- **Your assignment**
The full listing, word for word and free of images, is the expected result.

- **Records supplied**
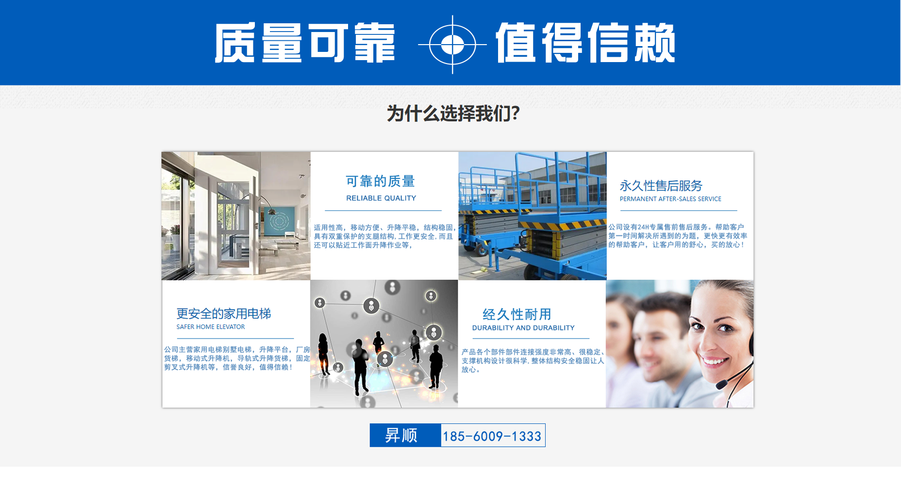 山東昇順液壓升降機(jī)械有限公司是一家主營(yíng)家用電梯,別墅電梯,升降平臺(tái),廠房貨梯,移動(dòng)式升降機(jī),導(dǎo)軌式升降貨梯,固定剪叉式升降機(jī)等產(chǎn)品企業(yè),質(zhì)量可靠,值得信賴。 用戶至上,以用戶為中心”是公司永遠(yuǎn)堅(jiān)持的服務(wù)宗旨,贏得用戶的贊許是我們的榮譽(yù),及時(shí)滿足用戶的需求,是我們公司的愿望。長(zhǎng)期以來,公司員工以優(yōu)質(zhì)的服務(wù),取悅于用戶,以誠(chéng)信的言行取信于用戶,得到了用戶們的好評(píng)。我們期待著與您更加愉快的合作!公司的發(fā)展,離不開社會(huì)的大力支持,在社會(huì)的支持和幫助下,我們正昂首闊步邁向未來! 我們的經(jīng)營(yíng)方針是:以質(zhì)量求生存,以產(chǎn)品求發(fā)展,以信譽(yù)保合作,以服務(wù)贏客戶。 本公司對(duì)產(chǎn)品質(zhì)量和各項(xiàng)服務(wù)恪守合同承諾,并愿與新老客戶精誠(chéng)合作,共創(chuàng)未來。 公司精神:創(chuàng)新是主題,超越是不懈的追求。 公司宗旨:信譽(yù)保證,誠(chéng)信為本。 我們會(huì)以合理的價(jià)格,良好的信譽(yù),雄厚的實(shí)力,優(yōu)質(zhì)的產(chǎn)品,最周到的服務(wù),服務(wù)于廣大新老客戶!...
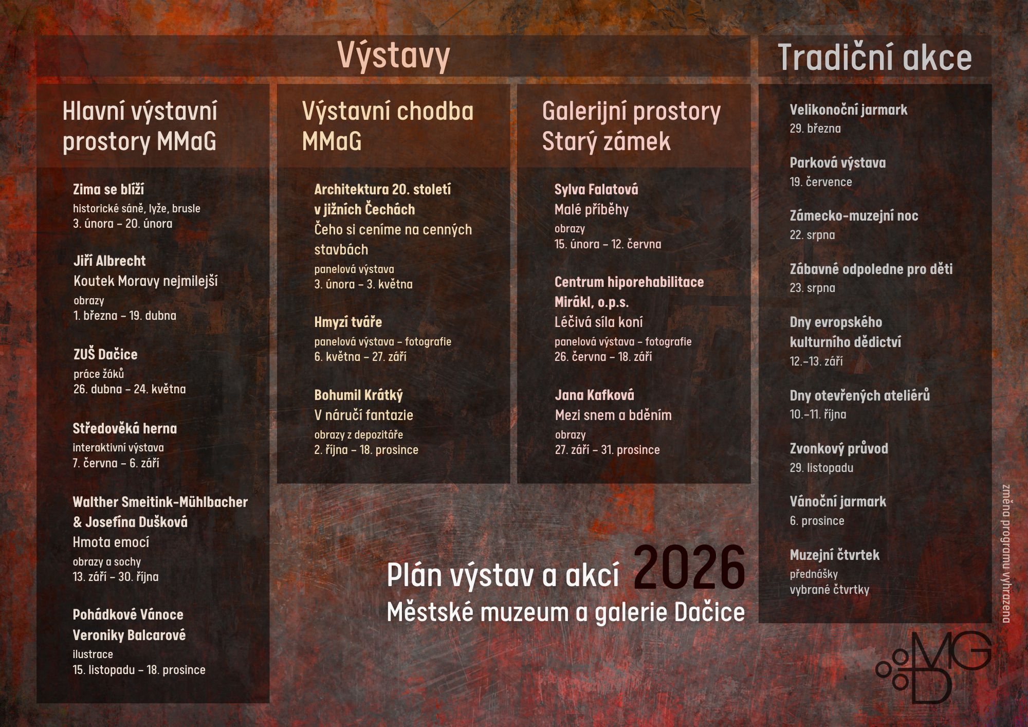Připravili jsme si toho pro vás ale mnohem více a všechny akce naleznete níže přehledném kalendáři akcí pro rok 2026. Pro aktuální informace nás však nezapomeňte sledovat na našich webových stránkách a na facebooku a instagramu.
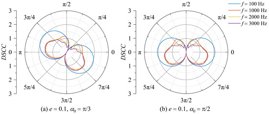 Figure 6 and Figure 7 illustrate the size and distribution of DSCC around the elliptical opening under different incident angles α0 and the variation of incident frequency f when the eccentricity is e = 0.9. In the numerical example, the short semi-axis of the elliptical opening is 56.2% shorter than that of the elliptical opening with an eccentricity of e = 0.1. The DSCC distribution around the elliptical opening undergoes significant changes. Particularly, when the incident wave is obliquely incident (α0 = π/6, α0 = π/3), the DSCC distribution exhibits a decrease followed by an increase with the change in frequency. This is evident in Figure 6a and Figure 7b, where the extreme DSCC values for the SH wave incident along the long axis and short axis are 1.45 and 3.40, respectively. Therefore, special attention should be given to the potential damage in the low-frequency vibration environment for piezoelectric materials with elliptical openings of large eccentricity.
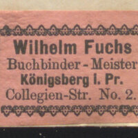 12. Pieczęć owalna i naklejka introligatora Wilhelma Fuchsa: „Wilhelm Fuchs Buchbindermeister”;
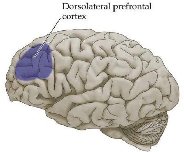 왼쪽: 배외측 전전두피질(DLPFC) / 오른쪽: 배측 전대상피질(dACC)의 위치와 구조.
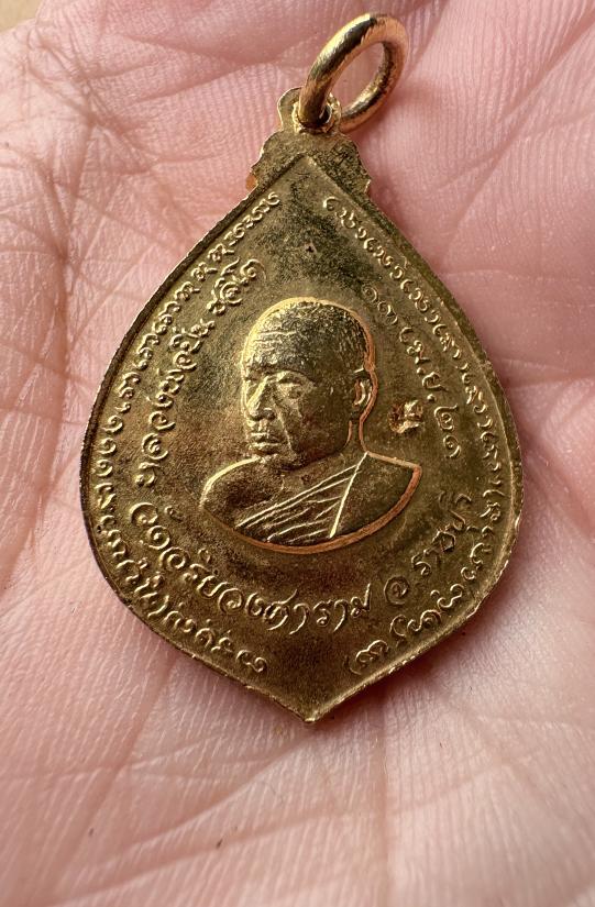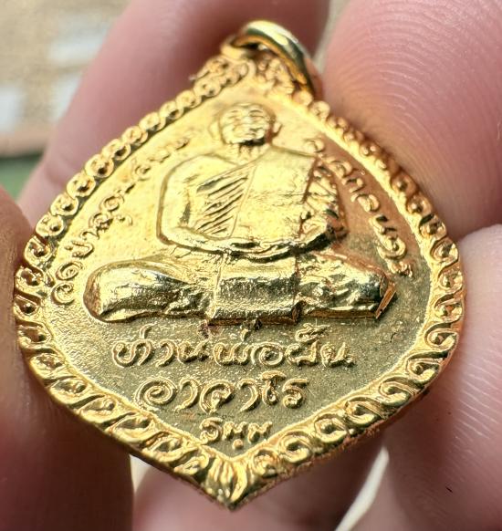 เหรียญหลวงปู่มหาปิ่น ชลิโต หลังท่านพ่อฝั้น วัดอริยวงศาราม หยดน้ำ ปี๒๕๒๑ เนื้อกะไหล่ทอง

- **Answer space**
 山東昇順液壓升降機(jī)械有限公司是一家主營(yíng)家用電梯,別墅電梯,升降平臺(tái),廠房貨梯,移動(dòng)式升降機(jī),導(dǎo)軌式升降貨梯,固定剪叉式升降機(jī)等產(chǎn)品企業(yè),質(zhì)量可靠,值得信賴。 用戶至上,以用戶為中心”是公司永遠(yuǎn)堅(jiān)持的服務(wù)宗旨,贏得用戶的贊許是我們的榮譽(yù),及時(shí)滿足用戶的需求,是我們公司的愿望。長(zhǎng)期以來,公司員工以優(yōu)質(zhì)的服務(wù),取悅于用戶,以誠(chéng)信的言行取信于用戶,得到了用戶們的好評(píng)。我們期待著與您更加愉快的合作!公司的發(fā)展,離不開社會(huì)的大力支持,在社會(huì)的支持和幫助下,我們正昂首闊步邁向未來! 我們的經(jīng)營(yíng)方針是:以質(zhì)量求生存,以產(chǎn)品求發(fā)展,以信譽(yù)保合作,以服務(wù)贏客戶。 本公司對(duì)產(chǎn)品質(zhì)量和各項(xiàng)服務(wù)恪守合同承諾,并愿與新老客戶精誠(chéng)合作,共創(chuàng)未來。 公司精神:創(chuàng)新是主題,超越是不懈的追求。 公司宗旨:信譽(yù)保證,誠(chéng)信為本。 我們會(huì)以合理的價(jià)格,良好的信譽(yù),雄厚的實(shí)力,優(yōu)質(zhì)的產(chǎn)品,最周到的服務(wù),服務(wù)于廣大新老客戶!...
Připravili jsme si toho pro vás ale mnohem více a všechny akce naleznete níže přehledném kalendáři akcí pro rok 2026. Pro aktuální informace nás však nezapomeňte sledovat na našich webových stránkách a na facebooku a instagramu.
 Figure 6 and Figure 7 illustrate the size and distribution of DSCC around the elliptical opening under different incident angles α0 and the variation of incident frequency f when the eccentricity is e = 0.9. In the numerical example, the short semi-axis of the elliptical opening is 56.2% shorter than that of the elliptical opening with an eccentricity of e = 0.1. The DSCC distribution around the elliptical opening undergoes significant changes. Particularly, when the incident wave is obliquely incident (α0 = π/6, α0 = π/3), the DSCC distribution exhibits a decrease followed by an increase with the change in frequency. This is evident in Figure 6a and Figure 7b, where the extreme DSCC values for the SH wave incident along the long axis and short axis are 1.45 and 3.40, respectively. Therefore, special attention should be given to the potential damage in the low-frequency vibration environment for piezoelectric materials with elliptical openings of large eccentricity.
 12. Pieczęć owalna i naklejka introligatora Wilhelma Fuchsa: „Wilhelm Fuchs Buchbindermeister”;
 왼쪽: 배외측 전전두피질(DLPFC) / 오른쪽: 배측 전대상피질(dACC)의 위치와 구조.
 เหรียญหลวงปู่มหาปิ่น ชลิโต หลังท่านพ่อฝั้น วัดอริยวงศาราม หยดน้ำ ปี๒๕๒๑ เนื้อกะไหล่ทอง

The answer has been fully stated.